The response should contain only those lines of the entries below that include the string "hloka".
'''
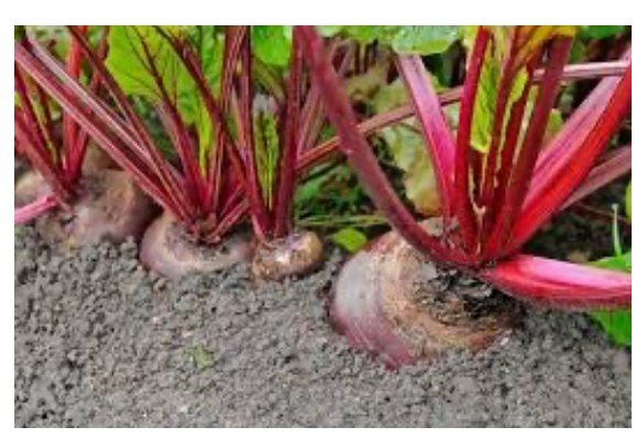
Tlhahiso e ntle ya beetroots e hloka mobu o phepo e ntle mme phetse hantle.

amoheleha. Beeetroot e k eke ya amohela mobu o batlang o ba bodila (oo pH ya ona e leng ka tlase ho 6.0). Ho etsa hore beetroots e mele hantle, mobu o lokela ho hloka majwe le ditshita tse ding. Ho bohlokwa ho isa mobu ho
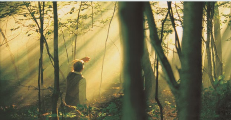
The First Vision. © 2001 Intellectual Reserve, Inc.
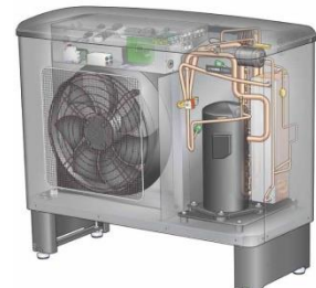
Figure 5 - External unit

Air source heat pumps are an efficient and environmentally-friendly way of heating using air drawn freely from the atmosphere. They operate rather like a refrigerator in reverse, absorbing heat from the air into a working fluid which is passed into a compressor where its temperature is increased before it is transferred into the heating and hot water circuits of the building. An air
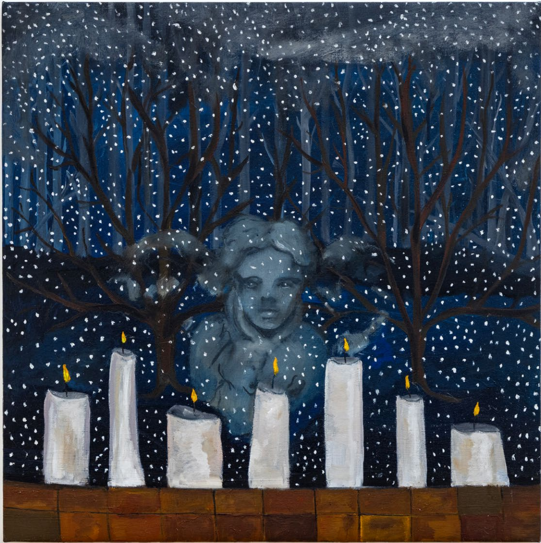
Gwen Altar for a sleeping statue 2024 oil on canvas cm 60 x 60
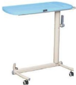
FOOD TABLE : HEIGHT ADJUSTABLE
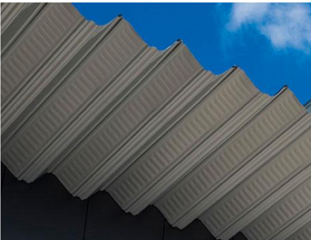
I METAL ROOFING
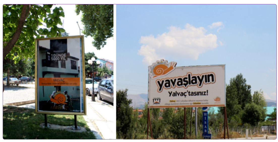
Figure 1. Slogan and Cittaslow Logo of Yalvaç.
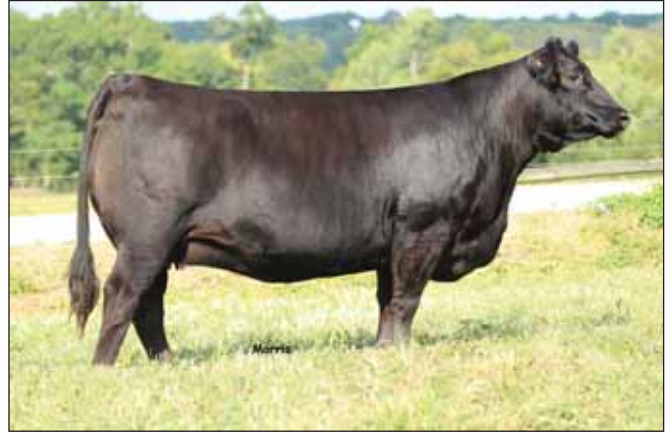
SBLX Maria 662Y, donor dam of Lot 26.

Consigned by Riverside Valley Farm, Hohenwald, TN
'''
SOLUTION TO THIS EXERCISE:
Tlhahiso e ntle ya beetroots e hloka mobu o phepo e ntle mme phetse hantle.
amoheleha. Beeetroot e k eke ya amohela mobu o batlang o ba bodila (oo pH ya ona e leng ka tlase ho 6.0). Ho etsa hore beetroots e mele hantle, mobu o lokela ho hloka majwe le ditshita tse ding. Ho bohlokwa ho isa mobu ho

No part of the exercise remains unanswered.